New York City experiences a high volume of motor vehicle collisions. This is a big data project leveraging NYC Open Data to analyze these collisions. This project dives into three key datasets: collisions, vehicles, and people involved. By analyzing these interconnected datasets, we aim to gain insights into various aspects of NYC traffic accidents, including :
▪ Accident Patterns (Factors) : Highlighting trends in accident times, vehicle types involved, pre-accident actions, location of the victim, contributing factors, etc
▪ Impact Analysis (Consequences): Understanding the types of public property damaged and harm to human life
▪ Spatial Distribution (Location Clustering): Examining collision distribution across boroughs, identifying potential hotspots and assigning weights.
▪ Predictive Modeling: Developing models to predict human life loss and injuries in high-risk areas.
This project aims to provide valuable data-driven insights to improve road safety and inform traffic management strategies in New York City.

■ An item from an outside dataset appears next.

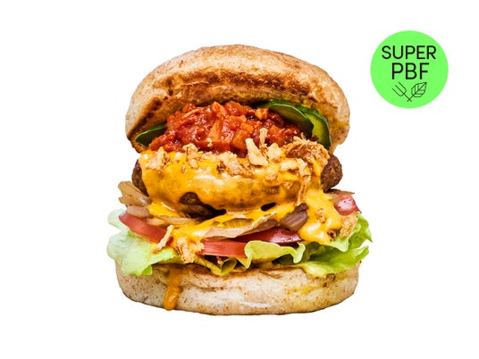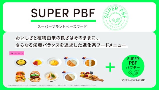 「SUPER PBF」とは、店舗フードメニューのココロ躍るおいしさや植物由来の良さはそのまま、さらなる栄養バランスを追求した、進化系のフードメニューです。植物由来食品を取り入れた食生活で不足しがちな栄養素を含む、24種のビタミン・ミネラルを独自配合した植物由来パウダー「SUPER PBFパウダー」を店舗フードメニューにプラス。今までのメニューと変わらない味わいで我慢も無理もせずにおいしく食べられ、健康的な食生活を目指していくようなメニューをお届けします。

NYC MOTOR VEHICLE COLLISION ANALYTICS AND PREDICTIVE MODELING Databricks notebooks
- Initial data cleaning and EDA -
https://databricks-prod-cloudfront.cloud.databricks.com/public/4027ec902e239c93eaaa8714f173bcfc/2223093725023385/3402554983214854/563989775462406/latest.html - Data Wrangling -
https://databricks-prod-cloudfront.cloud.databricks.com/public/4027ec902e239c93eaaa8714f173bcfc/2223093725023385/1978338885242709/563989775462406/latest.html - Data Cleaning for Spatial CLustering -
https://databricks-prod-cloudfront.cloud.databricks.com/public/4027ec902e239c93eaaa8714f173bcfc/2202773089231587/3270097802115930/6397218320977099/latest.html - Features and target variable for predictive modeling -
https://databricks-prod-cloudfront.cloud.databricks.com/public/4027ec902e239c93eaaa8714f173bcfc/2202773089231587/288185156849501/6397218320977099/latest.html - Train Test Split and Join Data -
https://databricks-prod-cloudfront.cloud.databricks.com/public/4027ec902e239c93eaaa8714f173bcfc/2202773089231587/3538449047751016/6397218320977099/latest.html - Model Training -
https://databricks-prod-cloudfront.cloud.databricks.com/public/4027ec902e239c93eaaa8714f173bcfc/2223093725023385/3086432350858478/563989775462406/latest.html
NOTE
In the stages of preprocessing data, we had to displace our data from one user to the other, without getting rid of all the preprocessing as the joining and discretization were expensive operations. So, we utilized df.display() to get all the data and download it, transferred to another user and uploaded to their DBFS to continue with the subsequent steps in the preprocessing. Thus, at many points of our code, there have been calls to datasets other than the ones mentioned in our presentation.